Взял несколько салфеток и вернулся к сцене. Она так и стоит, испачканная моим семенем, и смотрит в одну точку. Я швырнул ей салфетки.
– Вытрись. Тебе принесут одежду. Мой водитель отвезет тебя домой. И запомни – в этом городе ты не устроишься на работу. Так же, как и в любом другом. Работать ты можешь только у меня. Моей шлюхой. Номер у тебя есть – как созреешь, звони.
8. ГЛАВА 8
ГЛАВА 8
Меня привезли домой под утро. В новых вещах, которые пришлось принять от наглого зарвавшегося ублюдка. Да, он их и не дарил. Мне всучили в руки пакет, и у меня не оставалось выбора, кроме как надеть их, после того, как около часа мылась в маленькой уборной для персонала. Мылась и рыдала навзрыд, потому что он меня растоптал… Вот это отношение, как к мрази, как к какой-то дешевке с улицы. С этим циничным блеском в темно-серых глазах и с ухмылкой похотливого самца, который пришел в бордель, и ему плевать, что перед ним человек. Для Шумакова я больше человеком не была. С того самого момента, как он ворвался в дом после командировки с отцом, схватил меня за шиворот и выволок в коридор. Отшвырнул к стене, как какую-то шавку, и заорал так, что в ушах, казалось, перепонки полопались.
Я помнила тот день настолько хорошо, насколько не помнила ни один день в своей жизни… Даже день нашей свадьбы и рождение Машутки меркли перед тем днем, когда Шумаков меня убил. Да, именно убил. Люди ведь умирают не только, когда в них стреляют в упор, сбивают на машинах или режут ножом, они умирают иногда от одного взгляда или слова, сказанного тем, кого беззаветно, безумно любили.
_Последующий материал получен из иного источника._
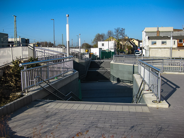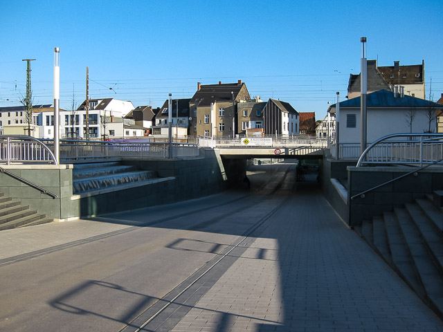 Im Zuge der BÜ-Beseitigung „Südertor“ ist zur Überführung der drei Gleise der DB-Streke 1760 eine Eisenbahnbrücke und wegen des hochanstehenden Grundwassers ein ca. 142 m langes Trogbauwerk gebaut worden. Die EÜ ist als Rahmenbauwerk in Deckelbauweise gebaut worden. Dabei werden zwei Gleise auf einem Überbau und das dritte Gleis auf einem getrennten Überbau überführt. Die Überbauten sind auf einem durchgehenden Pfahlkopfbalken und einer überschnittenen Bohrpfahlwand Ø 1,20 m tiefgegründet. Die EÜ besitzt eine Stützweite von Ls = 12,30 m. Die Überbauten wurden seitlich der Endlage hergestellt und während einer Sperrpause eingeschoben. Nach dem Einschub wurden sie vorübergehend auf Steckträgern, die in die Bohrpfähle betoniert wurden, und einem Erdstock zwischen den Pfahlwänden aufgelegt. Im Folgenden sind die Pfahlkopfbalken unter laufendem Eisenbahnverkehr bewehrt und betoniert worden. Nach Fertigstellung der EÜ wurde die Baugrube für das Trogbauwerk ausgehoben und das Trogbauwerk samt Zugangsanlagen hergestellt. Das Trogbauwerk besteht aus 9 Bauwerksblöcken, die in einer wasserdichten Baugrube bestehend aus einer überschnittenen Bohrpfahlwand hergestellt wurden. Die Trogsohle ist an die Bohrpfahlwand betoniert worden und dient zur Aussteifung der EÜ.

Я чувствовала, что что-то не так. Чувствовала все то время, после того как вернулась из роддома. Егор словно стал тенью самого себя. Нет, не сразу. Не в первый день и не во второй. Прошло около недели. Самой тяжелой и в то же время восторженно счастливой недели, которую мы провели в бессоннице, смене памперсов, бешеном восторге каждой складочкой нашей малышки и совместным купанием ее по вечерам. Егор фотографировал каждый крошечный пальчик во всех ракурсах, все части тела. Это был самый лучший и невероятный новоиспеченный папочка. Он сходил с ума от каждой ее гримасы и тут же звал меня полюбоваться на новую смешную рожицу, которую корчат обычно только младенцы.
«– Она вырастет и будет похожа на меня. Вот я точно говорю. И вообще, дочки, похожие на пап, обычно ужасно счастливые.
– Та ладно. На тебя. Не надо нам на тебя. На мамуууу. Моя девочка будет похожа только на маму.
– Нет, на меня, потому что я красивый.
– Ужас, Шумаков. Сам себя не похвалишь… да?
– Неправда, я красивый. Вот сознайся, что, когда ты меня увидела, ты потекла сразу же.
– Нет, не сразу. Не льсти себе.
– Ну хорошо, через пять минут точно потекла.
– Еще чего. Вот и не через пять.
Вскинул голову и деланно прищурился, прикусывая обе губы и продолжая гладить пяточки Машутки. Я рассмеялась и взъерошила его и так ужасно непослушные волосы.
– Хорошо – через десять минут.
Но выражение лица не изменилось.
– Обычно это происходит через пять!
Я ударила его по плечу.
– С девками твоими, да? До сих пор вспоминаешь – сколько их у тебя было.
Он тут же подмял меня под себя, всматриваясь мне в глаза и сплетая пальцы с моими.
– Нет никаких девок, Нют. Увидел тебя, и ни одной девки больше нет. И знаешь… я ведь пошутил. Я ужасно хочу, чтоб она была похожа на тебя. Чтоб у нее глаза твои были и губы клубничные… Люблю я тебя, Нют. Как придурок последний.
Серьезный такой, красивый… мооой. Отец моей малышки. Мой мужчина.
– Ты не придурок. А Машка похожа на саму себя и, скорее, на какого-то муравья с огромными глазами, или инопланетянку с овальной головой. И вообще она немножко страшненькая.